Here's two zucchinis with the flowers attached
picked this morning. These aren't as prolific
in production as Blackjacks, but they keep
well. So, after washing and drying, I pop them
in a plastic container. After a few days we
have enough for a delicious side dish.


Lebanese flavour

Here's the plants in the garden, with the mirror
on the shed wall making the plot look a bit
bigger. And no, they are no a special variety
with variegated foliage! Sad to say, they have
powdery mildew on the leaves, and nothing I
am doing is really helping much at all.

Lebanese flavour

The powdery mildew is quite aggressive, and though I am
regularly spraying plants with an organic treatment, it doesn't
seem to get rid of existing mildew. All it does is slow its spread
to other zucchini foliage. I'm also careful when watering to
keep water off the foliage and direct it to the roots, so I can't
think of anything else I can do.


Lebanese flavour

This is the product I am using. eco-fungicide.
It's organic, a powder that you mix up in a
spray bottle and spray all over the foliage, on
top and on the underside. It's based on
potassium bicarbonate.

In previous years I've tried the other well-known organic treatment of milk sprays, and they were even poorer in performance than the eco-fungicide. Pictured below is the healthy foliage of the other Lebanese zucchini plants which haven't yet succumbed to the powdery mildew. This is a much better result with the eco-fungicide than anything I ever achieved with milk sprays, so I am sticking to the eco-fungicide.

Lebanese flavour

There's one or two faint spots of mildew on the
leaf on the right, but the foliage still looks good.
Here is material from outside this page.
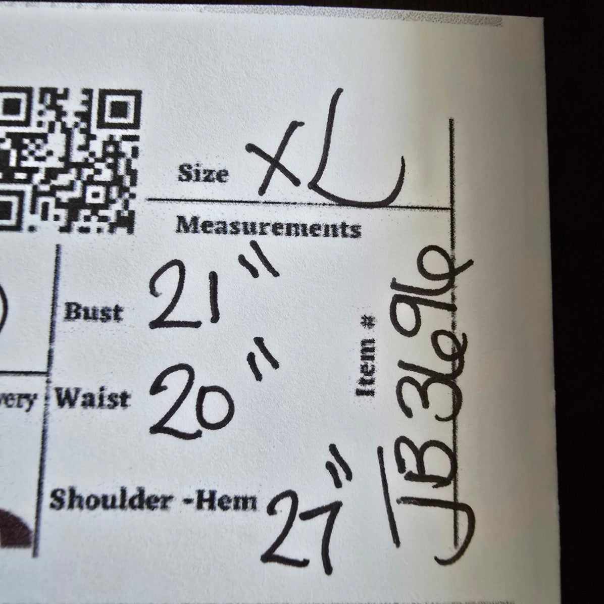 See last photos for fabric content and approximate FLAT measurements, compare our measurements to something in your closet to see if it will fit.

The good news is that the powdery mildew, while it slowly harms the foliage and the plant, isn't instant death or anything like that. The foliage on one plant has looked crappy for a few weeks now and the plant is cropping away happily. So mostly the powdery mildew weakens the plants, probably brings the cropping to an early end, and certainly looks very dodgy!

Lebanese flavour

I've always said that the baby little zucchinis you get attached
to zucchini flowers in restaurants and supermarkets have a
much better flavor than the fully grown zucchinis that are
sold without (the short-lived) flowers. Well, it's the same with
the small Lebanese zucchinis. These never grow to any great
size anyway, and they are best harvested when only 3-4 inches
(75-100mm) long, and they taste great, whether you steam
them, fry them or cook them any which way.